- Date: April 11–18
- Edition: 26th
- Category: World Series
- Draw: 32S / 16D
- Prize money: $288,350
- Surface: Clay / outdoor
- Location: Birmingham, Alabama, U.S.

Champions

Singles
- Jason Stoltenberg

Doubles
- Richey Reneberg / Christo van Rensburg
- ← 1993 · U.S. Men's Clay Court Championships · 1995 →

= 1994 U.S. Men's Clay Court Championships =

The 1994 U.S. Men's Clay Court Championships was an Association of Tennis Professionals men's tennis tournament held in Birmingham, Alabama in the United States and played on outdoor clay courts.
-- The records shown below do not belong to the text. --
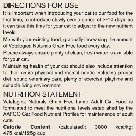 Vetalogica Naturals Grain Free Lamb Adult Cat Food
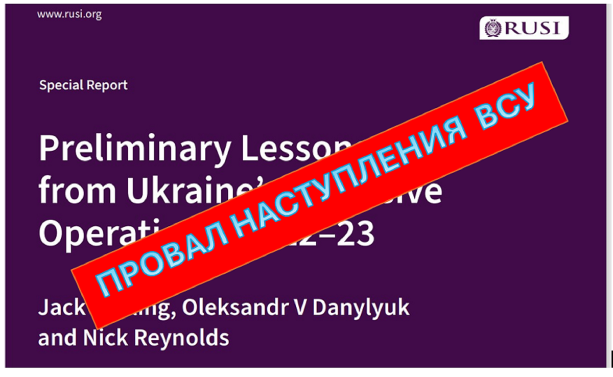 Авторитетный британский аналитический центр по проблемам безопасности RUSI* опубликовал 48-страничный доклад «Предварительные уроки украинских наступательных операций 2022-2023 годов», в котором названы основные причины неудачного контрнаступления Вооруженных сил Украины 2023 года и высказываются сомнения относительно нового наступления в ближайшем будущем.
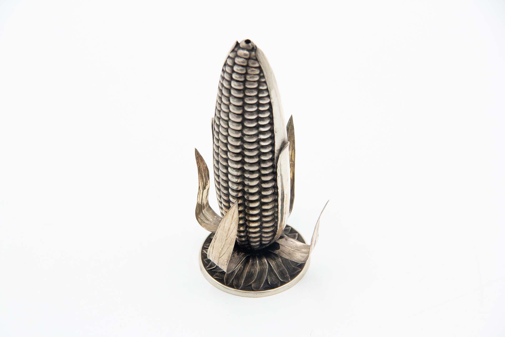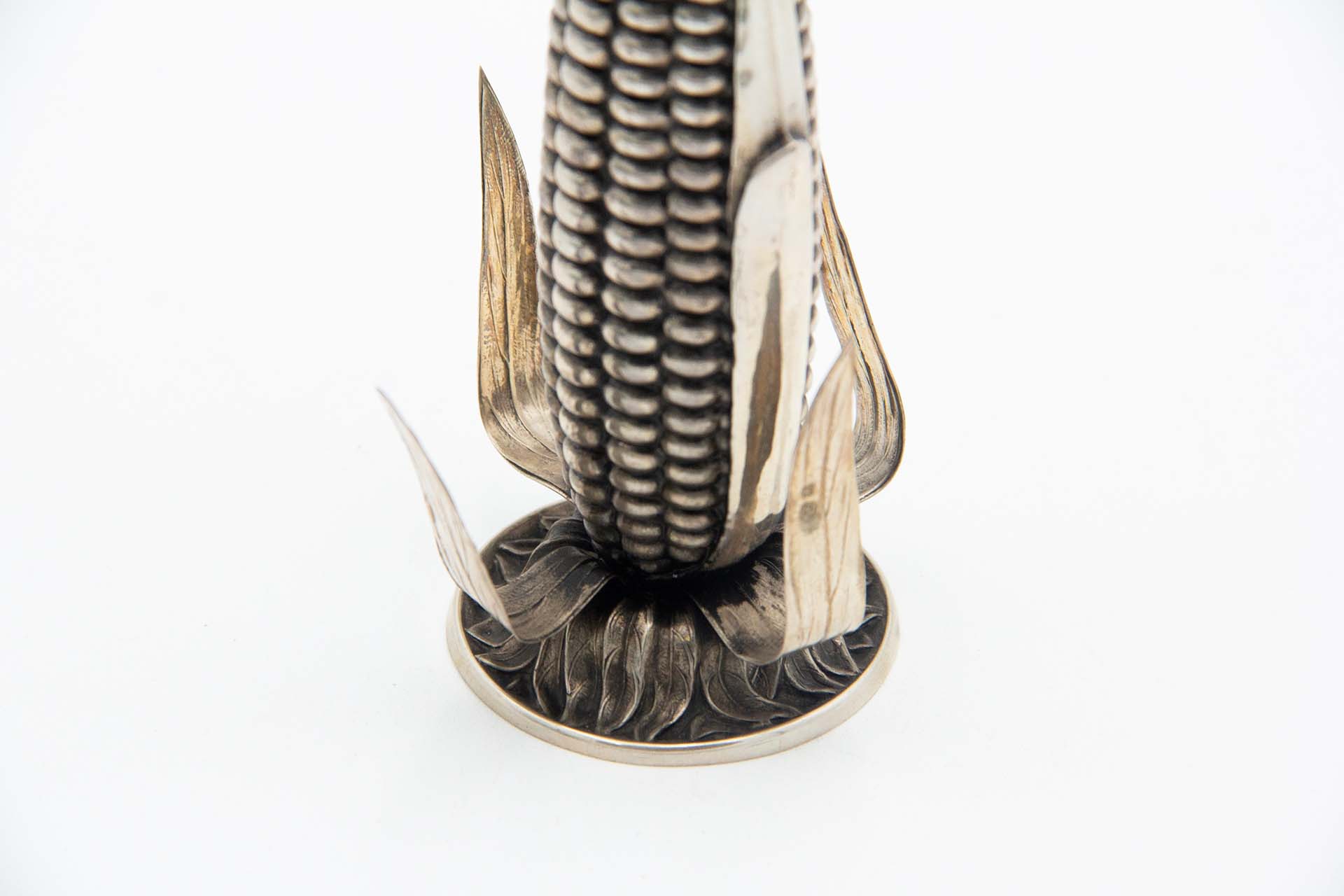 • Descrição: Paliteiro de prata com base circular em forma de massaroca de milho.
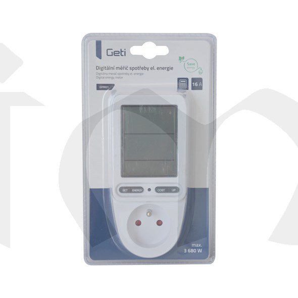 Měřič Geti GPM 01 s rozšířeným designem slouží k měření spotřeby elektrické energie různých domácích spotřebičů, dokáže vypočítat odpovídající finanční náklady, kalkulovat emise CO2 za spotřebovanou energii, a poskytuje souhrnné informace o spotřebě i v dlouhodobém časovém rozpětí, včetně počítání celkové doby měření. Tyto informace Vám mohou přispět ke snížení nákladů za elektrickou energii. Ačkoliv měřič obsahuje celou řadu nastavitelných funkcí a zobrazitelných informací, jeho ovládání je snadné a displej je velmi přehledný.
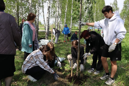 Участники акции с энтузиазмом занимались посадкой: копали лунки, утаптывали грунт, поливали саженцы и закрепляли их на колышках. Посаженные деревья морозоустойчивых сортов украсят аллею на долгие годы.
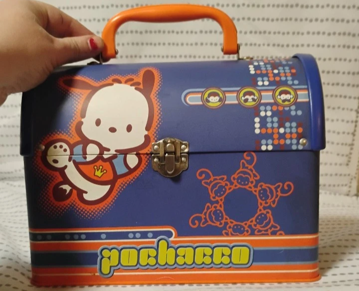 Vintage RARE Sanrio Pochacco trinket storage metal box with handle you can store anything in it Open to Offers excellent used condition
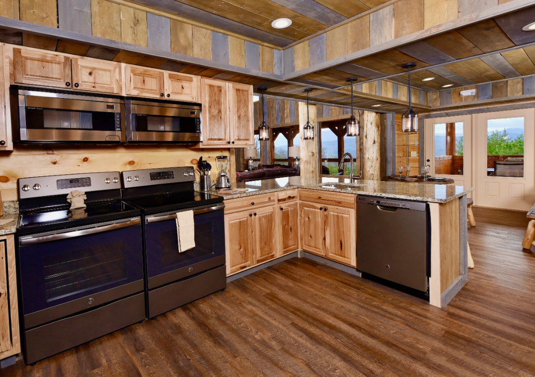 The fully-equipped kitchen boasts modern amenities, making it easy to prepare delicious meals for your family or friends. Well-appointed with a refrigerator, stove, microwave, and other kitchen appliances, perfect for making breakfast, lunch, or dinner throughout your stay! A convenient kitchenette is also available downstairs, perfect for grabbing a snack or preparing light meals while you’re playing games or enjoying movie time. All pots, pans, glasses, plates, silverware, etc., are also there for you! Gather around the inviting dining tables, the nearby breakfast bar, or take your meal outside on the back deck to share stories and laughter while basking in the breathtaking mountain views.
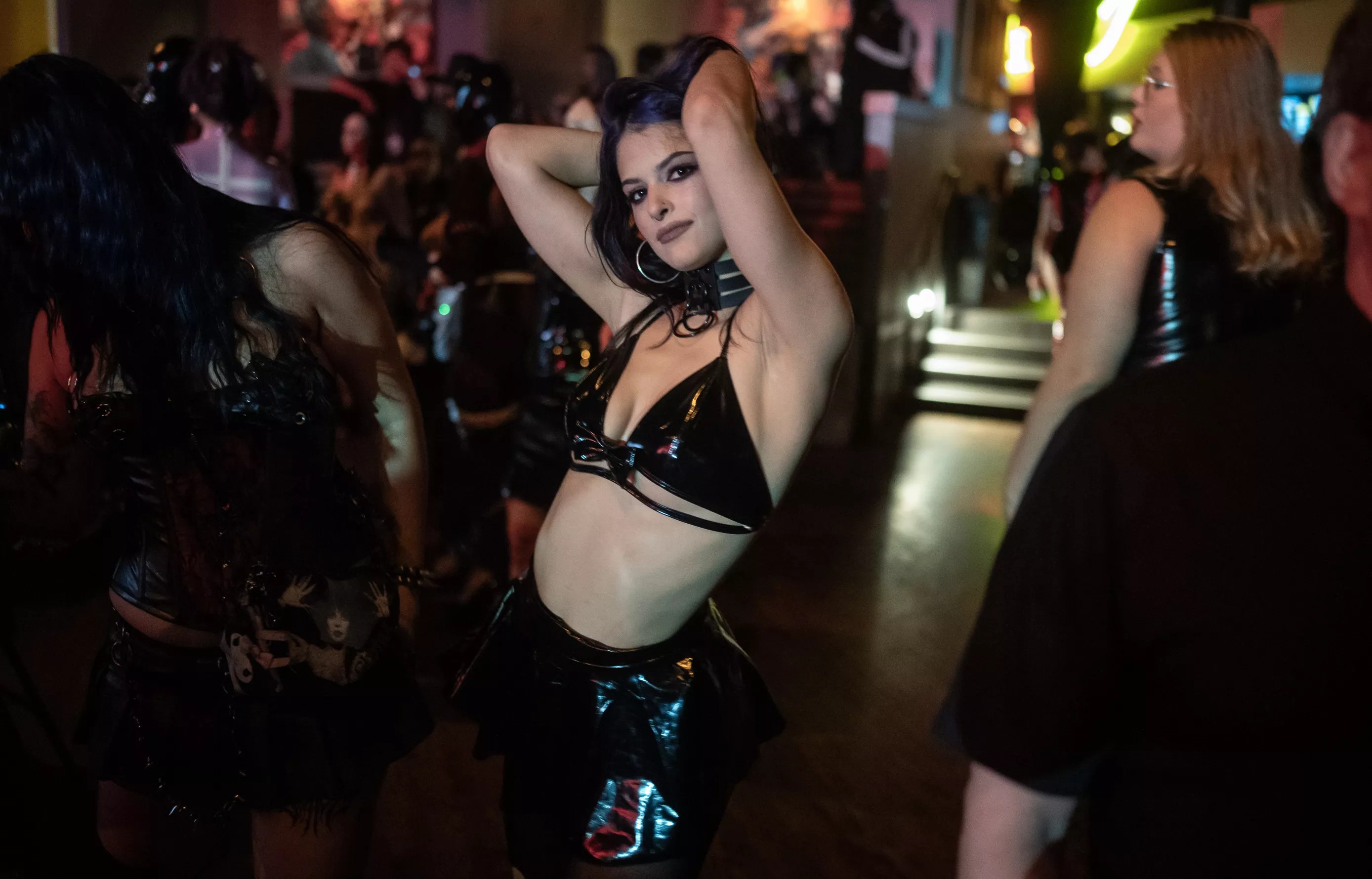 Decked out in latex and ready to party.

It was the 26th edition of the tournament and was held from April 11 to April 18, 1994. Fourth-seeded Jason Stoltenberg won the singles title.

==Finals==

===Singles===

AUS Jason Stoltenberg defeated ARG Gabriel Markus 6–3, 6–4
- It was Stoltenberg's only title of the year and the 7th of his career.

===Doubles===

USA Richey Reneberg / Christo van Rensburg defeated USA Brian MacPhie / USA David Witt 2–6, 6–3, 6–2
- It was Reneberg's 2nd title of the year and the 14th of his career. It was van Rensburg's only title of the year and the 19th of his career.